### GIVEN RECORDS
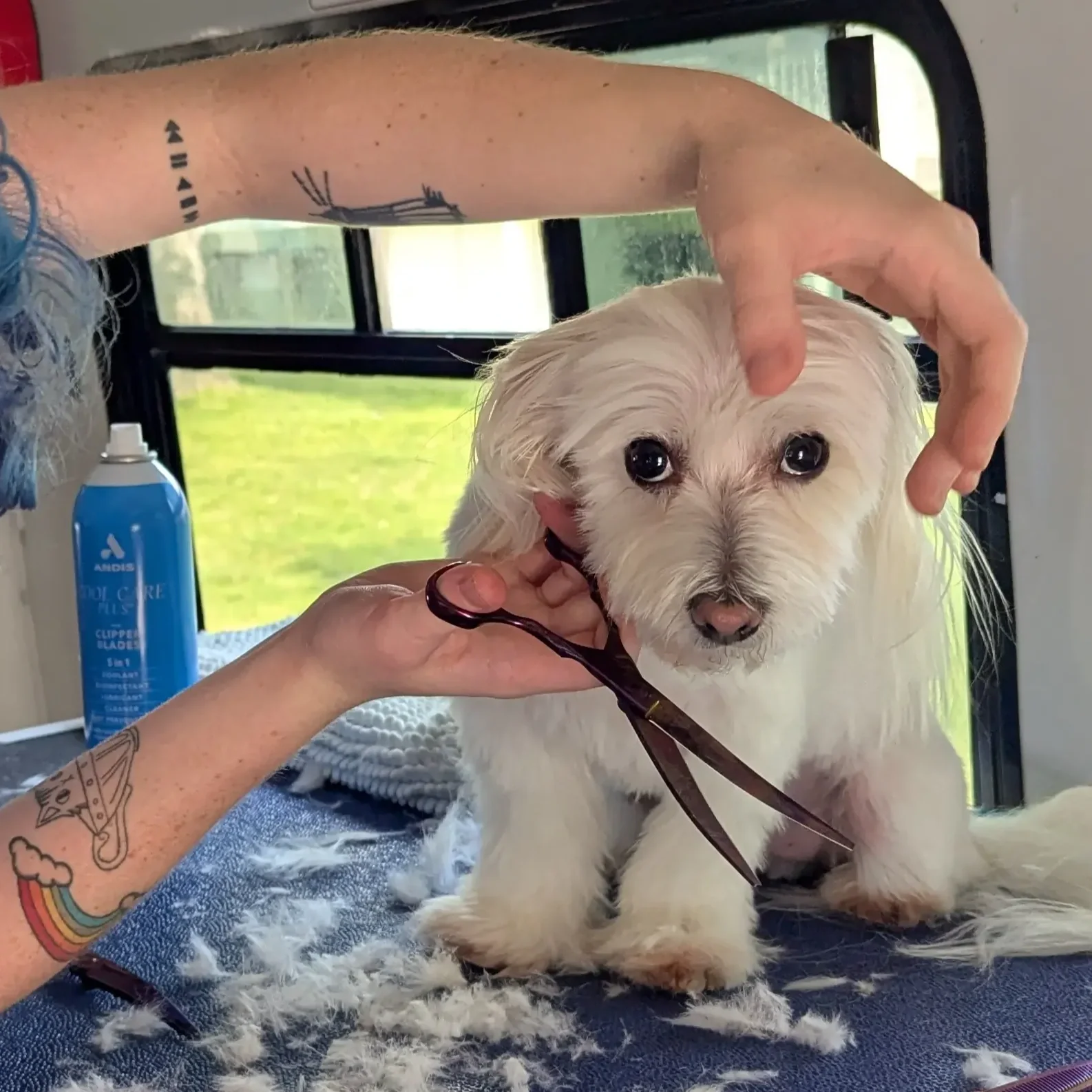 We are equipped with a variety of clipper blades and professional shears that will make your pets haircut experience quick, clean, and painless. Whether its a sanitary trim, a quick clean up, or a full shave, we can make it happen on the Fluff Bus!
...
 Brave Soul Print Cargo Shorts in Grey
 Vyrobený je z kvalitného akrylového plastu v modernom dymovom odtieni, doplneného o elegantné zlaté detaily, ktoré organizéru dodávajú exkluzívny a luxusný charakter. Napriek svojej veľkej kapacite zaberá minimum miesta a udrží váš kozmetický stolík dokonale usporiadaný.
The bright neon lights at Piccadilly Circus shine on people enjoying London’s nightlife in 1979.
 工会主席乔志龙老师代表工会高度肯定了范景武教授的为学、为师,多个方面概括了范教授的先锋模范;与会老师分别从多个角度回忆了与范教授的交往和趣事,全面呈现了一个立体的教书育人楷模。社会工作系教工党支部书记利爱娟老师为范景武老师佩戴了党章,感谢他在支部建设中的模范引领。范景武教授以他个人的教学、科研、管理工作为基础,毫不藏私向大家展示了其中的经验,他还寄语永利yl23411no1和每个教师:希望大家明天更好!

### YOUR OBJECTIVE
Could you return exactly the lines above from the line with "Brave Soul Print Cargo Shorts in Grey" to the line with "工会主席乔志龙老师代表工会高", both included, and nothing else?

### OUTPUT OF THE TASK
 Brave Soul Print Cargo Shorts in Grey
 Vyrobený je z kvalitného akrylového plastu v modernom dymovom odtieni, doplneného o elegantné zlaté detaily, ktoré organizéru dodávajú exkluzívny a luxusný charakter. Napriek svojej veľkej kapacite zaberá minimum miesta a udrží váš kozmetický stolík dokonale usporiadaný.
The bright neon lights at Piccadilly Circus shine on people enjoying London’s nightlife in 1979.
 工会主席乔志龙老师代表工会高度肯定了范景武教授的为学、为师,多个方面概括了范教授的先锋模范;与会老师分别从多个角度回忆了与范教授的交往和趣事,全面呈现了一个立体的教书育人楷模。社会工作系教工党支部书记利爱娟老师为范景武老师佩戴了党章,感谢他在支部建设中的模范引领。范景武教授以他个人的教学、科研、管理工作为基础,毫不藏私向大家展示了其中的经验,他还寄语永利yl23411no1和每个教师:希望大家明天更好!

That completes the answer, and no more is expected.